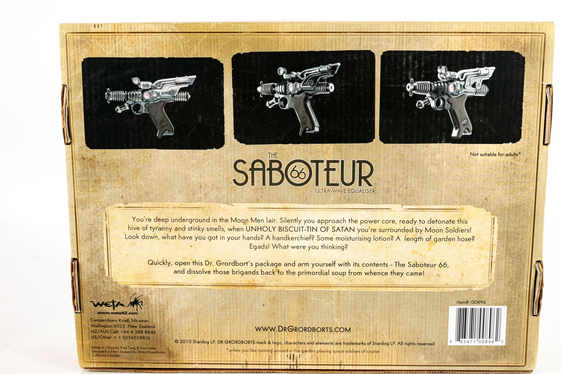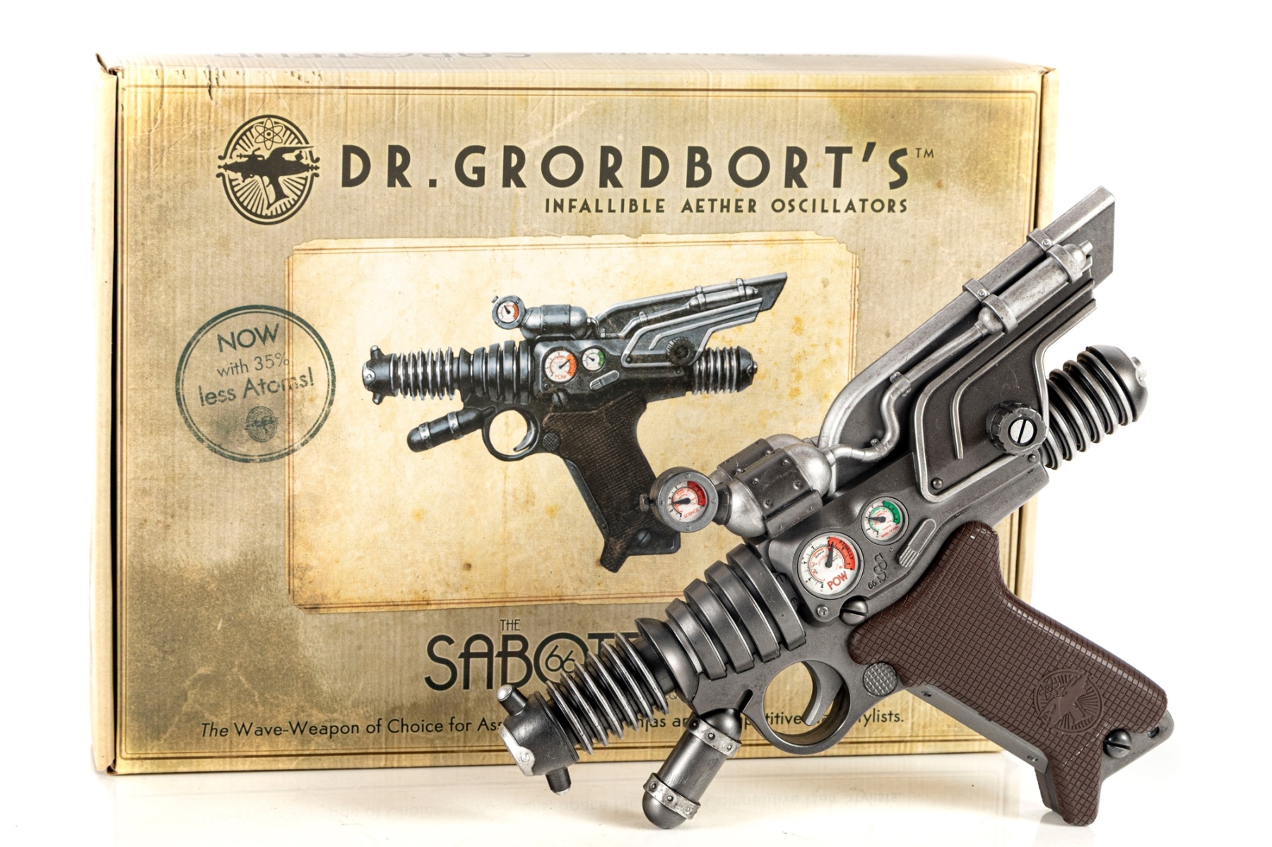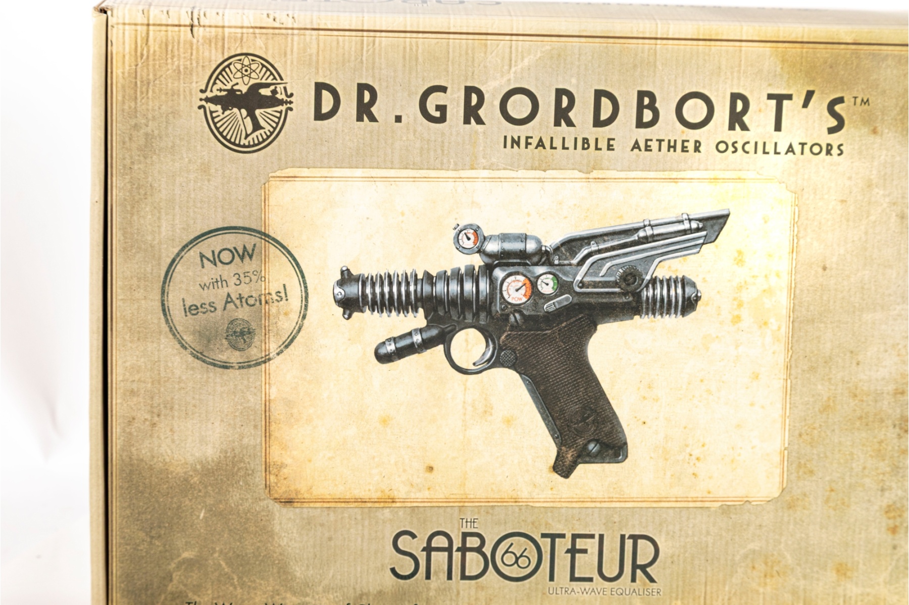 Imaginative and highly detailed Dr. Grordbort’s Infallible Aether Oscillator collectible titled The Saboteur 66, produced by Weta Workshop (2010). Designed by Greg Broadmore, this steampunk-inspired retro raygun replica embodies the signature Dr. Grordbort’s aesthetic — a fusion of early 20th-century industrial design, pulp science fiction, and dark humor.
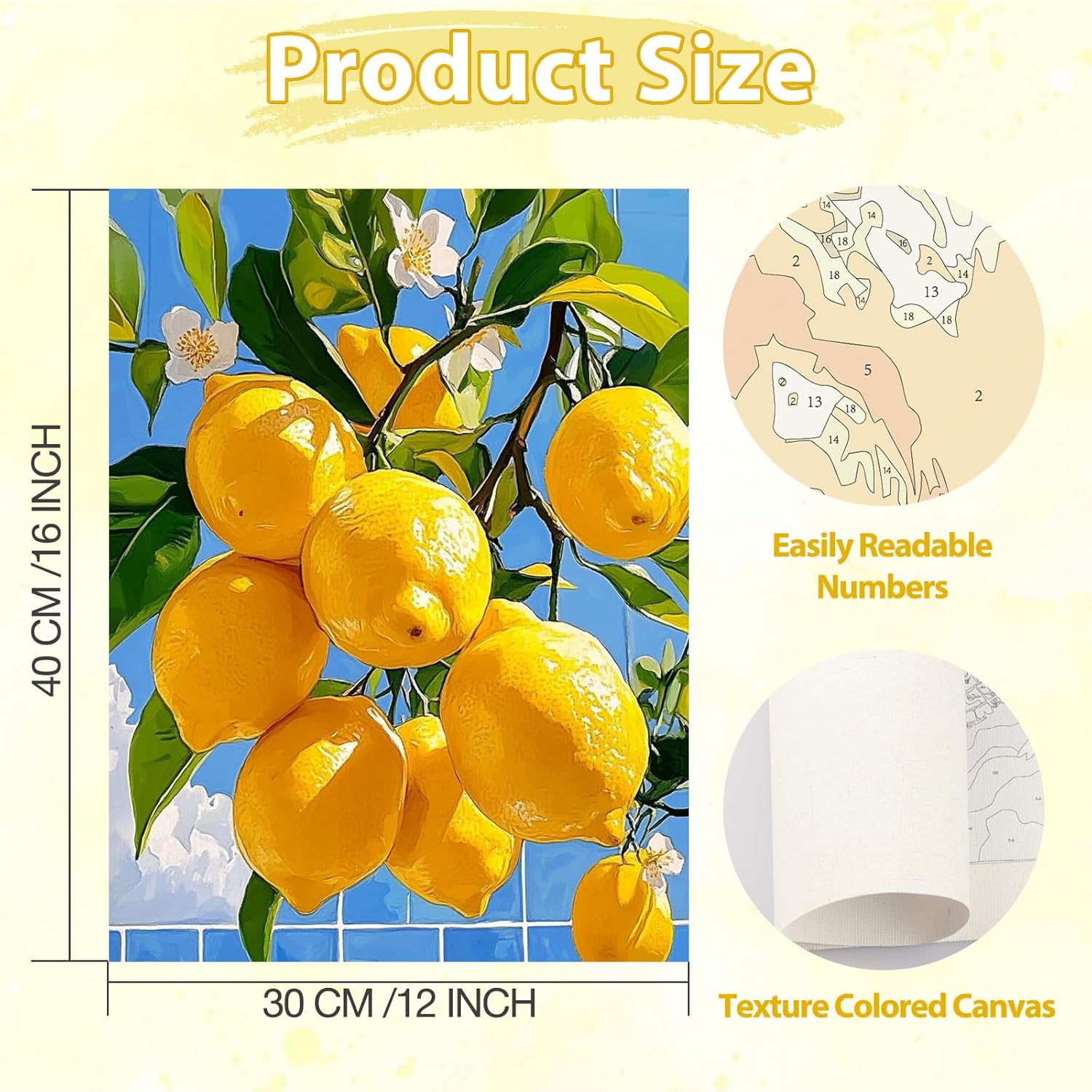 KEYIFA Albero Limone Dipingere con i Numeri per Adulti, Fiori Painting by Numbers Kit con Pennelli e Acrilico Pigmento, Fai da te Olio La Pittura di Numeri Kit, Decora la Casa 30x40cm
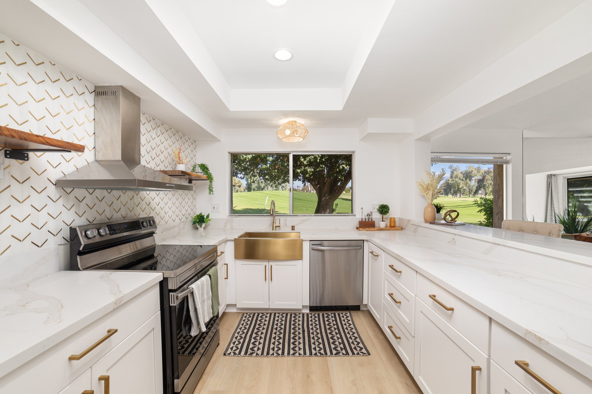 Rehab: 2 Bed, 2 Bath Townhome in Palm Desert with 1,565 sq ft, 2 carport spaces, HOA, country club, golf. Remodel: Kitchen, Living room, Bedrooms, Bathrooms, Flooring, Paint.
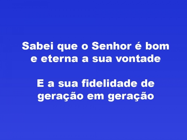 - Sabei que o Senhor é bome eterna a sua vontadeE a sua fidelidade de geração em geração

━━━━━━

TASK GOAL
Could you write out exactly the lines from the line containing "Rehab: 2 Bed, 2" to the end of the material, and nothing else? No pictures belong in the copy.

EXPECTED OUTPUT
 Rehab: 2 Bed, 2 Bath Townhome in Palm Desert with 1,565 sq ft, 2 carport spaces, HOA, country club, golf. Remodel: Kitchen, Living room, Bedrooms, Bathrooms, Flooring, Paint.
 - Sabei que o Senhor é bome eterna a sua vontadeE a sua fidelidade de geração em geração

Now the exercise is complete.